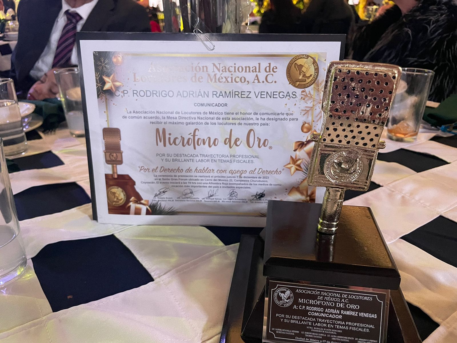 Me llena de orgullo y alegría anunciar que fui sido nominado y reconocido con el Micrófono de Oro 2023 por la Asociación Nacional de Locutores de México. Este galardón representa un reconocimiento a la pasión y el compromiso.
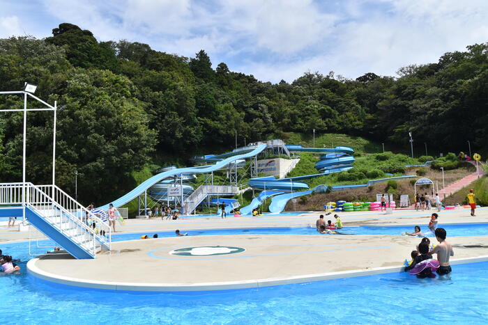 私が訪れた日は、かなり暑かったですが、まだ4月でしたので、水の入ってないプールエリアを特別に見学させて頂いたのですが、それでも滑り台の大きさとプールの広さ山の緑とのコントラストの美しさに感嘆しました。
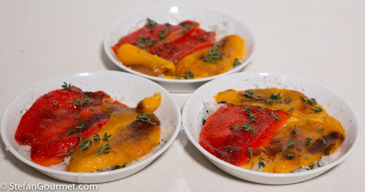 Good food does not need to be complicated, does it ! Main meal for me even tho’ I would not and could not be a vegetarian if my life depended on it ! Don’t know whether Dutch stores present as same but I usually buy my capsicums in a ‘tube’ of one red, one yellow and one green . . . quite handy if one wants to mix and match !!!!
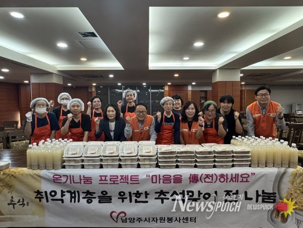 뉴스펀치 탁상훈 기자 | 남양주시자원봉사센터는 추석맞이 집중 주간을 맞이하여 9월 25일부터 오는 10월 3일까지 약 1,300명의 관내 취약계층을 대상으로 ‘추석맞이 전 나눔 활동’을 펼쳤다.
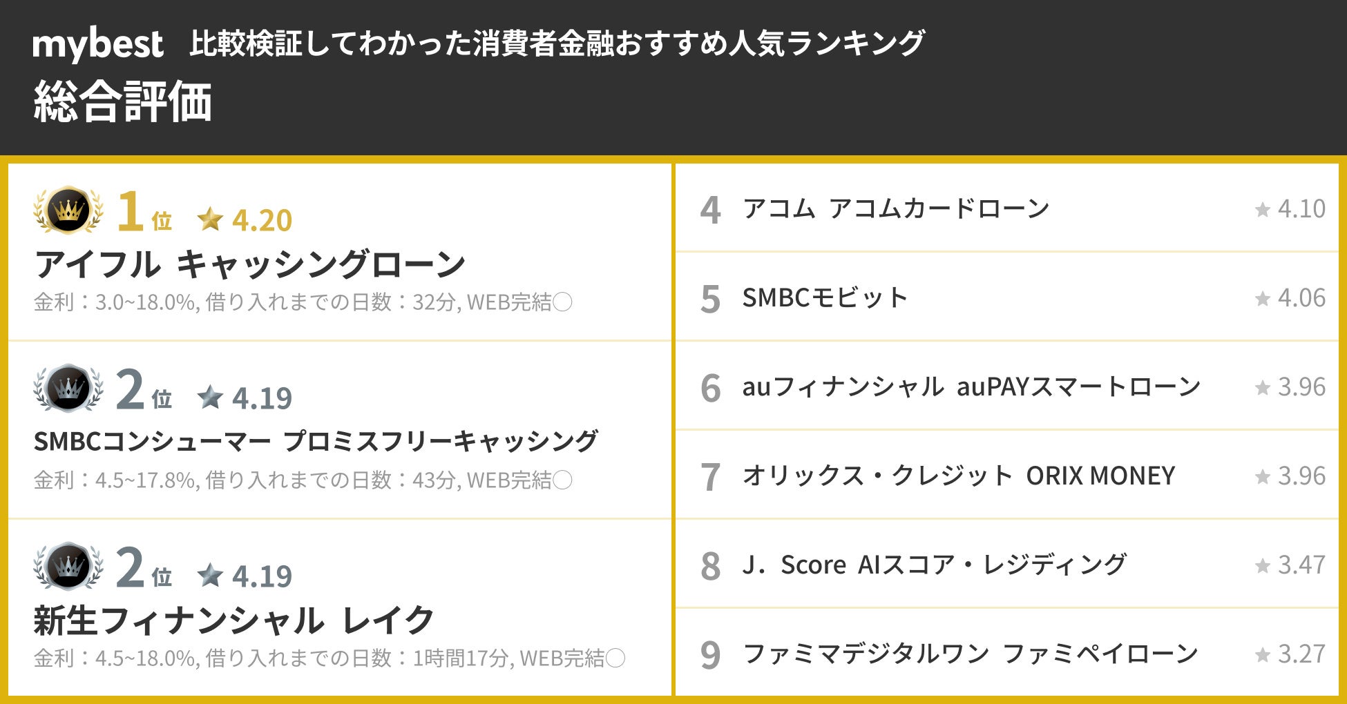 アンケートでの調査に加え、利便性・融資スピード・周囲へのバレにくさなどをmybestが独自に比較検証。

-- -- --

Please copy the records above word for word, omitting every picture.

### [Exercise solution]
 Me llena de orgullo y alegría anunciar que fui sido nominado y reconocido con el Micrófono de Oro 2023 por la Asociación Nacional de Locutores de México. Este galardón representa un reconocimiento a la pasión y el compromiso.
 私が訪れた日は、かなり暑かったですが、まだ4月でしたので、水の入ってないプールエリアを特別に見学させて頂いたのですが、それでも滑り台の大きさとプールの広さ山の緑とのコントラストの美しさに感嘆しました。
 Good food does not need to be complicated, does it ! Main meal for me even tho’ I would not and could not be a vegetarian if my life depended on it ! Don’t know whether Dutch stores present as same but I usually buy my capsicums in a ‘tube’ of one red, one yellow and one green . . . quite handy if one wants to mix and match !!!!
 뉴스펀치 탁상훈 기자 | 남양주시자원봉사센터는 추석맞이 집중 주간을 맞이하여 9월 25일부터 오는 10월 3일까지 약 1,300명의 관내 취약계층을 대상으로 ‘추석맞이 전 나눔 활동’을 펼쳤다.
 アンケートでの調査に加え、利便性・融資スピード・周囲へのバレにくさなどをmybestが独自に比較検証。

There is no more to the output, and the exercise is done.